In 2016, bad bots will become better at disguising themselves to blend in with legitimate network traffic and fool IT administrators responsible for keeping them out.
While hackers can use bots for nefarious purposes such as lifting your credit card number from online store or turning your laptop into a spam-spewing zombie, businesses are exposed too.
Take the retail industry, for example. An entire underground industry has grown around the use of automated bots dedicated to scraping as much pricing and other data from online retailers' websites to share with competitors.
While the government is trying to step in and put controls on bots -- such as legislation proposed by Sen. Charles Schuler (D-NY) to crack down on bots in the online concert ticket market -- it lack the teeth to make a meaningful impact.
There are several reasons why. The nature of the bot industry makes identifying and prosecuting those who launch bots difficult, time-consuming and expensive. Bots can originate from almost any location in the world and they usually come from well-known hosting providers and networks that organizations trust. Even when a bot originator is identified, it's often tracked to an international location where US laws provide little or no recourse. On top of all that, most bot technologies are not even considered criminal.

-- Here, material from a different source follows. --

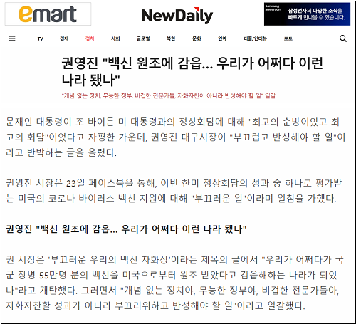 그러고는 “권영진 대구시장은 한미정상회담에서 미국이 국군 장병용으로 백신 55만명 분을 지원하겠다고 하자, ‘우리가 어쩌다가 국군 장병 55만 명분의 백신을 미국으로부터 원조받았다고 감읍해하는 나라가 되었나’라며 ‘개념 없는 정치야, 무능한 정부야, 비겁한 전문가들아!’라며 개탄한 바있다”고 상기시켰다.

The bad bot threat landscape will continue to grow in 2016 for a simple reason --bots are an effective means to an end for Internet evil-doers.
Be Concerned
If the Internet security landscape in 2016 sounds scary, it ought to. For too long, even the largest companies haven't done enough to close security holes. And they're still playing catch-up.
Businesses have no choice but to make online security their absolute No. 1 priority this year or risk losing the customers they've worked so hard to gain.
There once was a time when hacking was largely about mischief: "Let's see if I can take this site down!" Now, the bad guys have become more organized and sophisticated and they're after one thing - money.
A true enterprise of exploitation is growing in the dark corners of the Internet. We need to be aware of it, and fight it.